Ekstraklasa mocno przyspiesza. We wtorek i w środę rozgrywana jest już czwarta tegoroczna kolejka spotkań, choć mamy dopiero luty. Piłkarze Pogoni w minioną sobotę powrócili na zwycięską ścieżkę i ze swoich zimowych dokonań mogą być naprawdę dumni.
To jest zespół, który w pięciu ostatnich meczach odniósł cztery zwycięstwa, w sześciu ostatnich kolejkach jest najskuteczniejszym zespołem z 14 zdobytymi golami, co daje średnią powyżej dwóch zdobytych bramek na jedno spotkanie.
Pogoń jest drużyną, która w sześciu ostatnich meczach zgromadziła tyle samo punktów, co broniąca tytułu mistrzowskiego Legia Warszawa, gra w sposób bezkompromisowy, ostatnie pięć meczów kończyła bez podziału punktów, potrafi wygrywać mecze trudne, kiedy ważą się losy meczu.
Jeszcze na początku pracy niemieckiego szkoleniowca meczów na styku nie udawało się wygrywać. Pogoń pechowo remisowała spotkania z Piastem Gliwice i Zagłębiem Lubin, dziś takie spotkania drużyna już umie wygrywać. Tak było w spotkaniu z Arką Gdynia i ostatnim pojedynku przeciwko Wiśle Płock.
Runjaic śrubuje średnią
Znakomitą średnią zdobytych punktów śrubuje trener Kosta Runjaic. Po dziewięciu meczach pod jego wodzą drużyna wypracowała średnią 1,55 punktu na mecz.
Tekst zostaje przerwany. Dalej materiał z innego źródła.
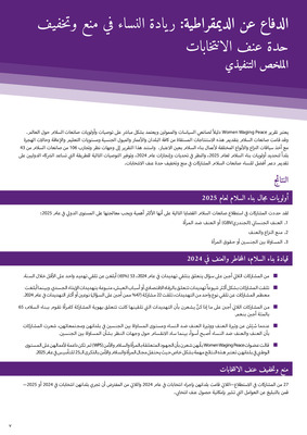 ر ويعتمد بشكل مبارش عىل توصيات وأولويات صانعات السالم حول العالم. ً � لصانعي السياسات والممولني ر يعترب تقرير Peace Waging Women دليًال أعمار والميول الجنسية ومستويات التعليم وا إإلعاقة وحاالت الهجرة وقد قامت صانعات السالم بتقديم هذه االستنتاجات المستقاة من كافة البلدان واأل ن االعتبار. واستند هذا التقرير إىل وجهات نظر وتجارب 106 من صانعات السالم من 43 أ � عمال بناء السالم بعني أنواع المختلفة أل مع أخذ سياقات ال زنزاع واأل ن عىل ي ر تساعد الرش � كاء الدوليني بلدًاً لتحديد أولويات بناء السالم لعام ،2025 والنظر يفي تحديات وإنجازات عام ،2024 وتوفرير � التوصيات التالية للطريقة اليت تقديم دعم أفضل للنساء صانعات السالم المشاركات يفي منع وتخفيف حدة عنف االنتخابات.

Jeżeli zespół podtrzyma taką skuteczność zdobywania punktów, to o utrzymanie się w ekstraklasie powinniśmy być spokojni. Trzeba jednak to wywalczyć na boisku, a dwa najbliższe mecze zapowiadają się na bardzo trudne, w których Pogoń nie będzie faworytem.
Średnia zdobytych punktów na poziomie 1,55, to obecnie trzeci wynik w 70-letniej historii klubu. Wyższą mają tylko dwaj trenerzy: Edward Lorens (sezon 2000/01) i Jan Jucha (1987/88), ale obaj nie dograli sezonu do końca, zostali zwolnieni w rundzie wiosennej dobrze rozgrywanych sezonów.
Co ciekawe, w drużynie nie ma wykreowanego strzelca numer 1, choć poważnym kandydatem staje się 33-letni Morten Rasmussen. W tegorocznych meczach zespół zdobył sześć goli, ale nie ma ani jednego gracza mającego na koncie przynajmniej dwa zdobyte gole, lub co najmniej dwie asysty na koncie.
W sześciu strzelonych bramkach uczestniczyło aż ośmiu graczy i tylko dwóch z nich: Jakub Piotrowski i Kamil Drygas mają na koncie zarówno gola, jak i asystę. Piotrowski i Drygas wykreowali się na absolutnych liderów, dominatorów w środkowej formacji, póki co mają największy udział w bardzo dobrych wynikach drużyny w ostatnim czasie.
Nunes strzela najczęściej
Na dziś piłkarzem najczęściej strzelającym celnie na bramkę przeciwnika jest obrońca Ricardo Nunes, który trzy razy trafiał w bramkę przeciwnika. Szanse na zdobycie gola mają zatem różni piłkarze, występujący na różnych pozycjach.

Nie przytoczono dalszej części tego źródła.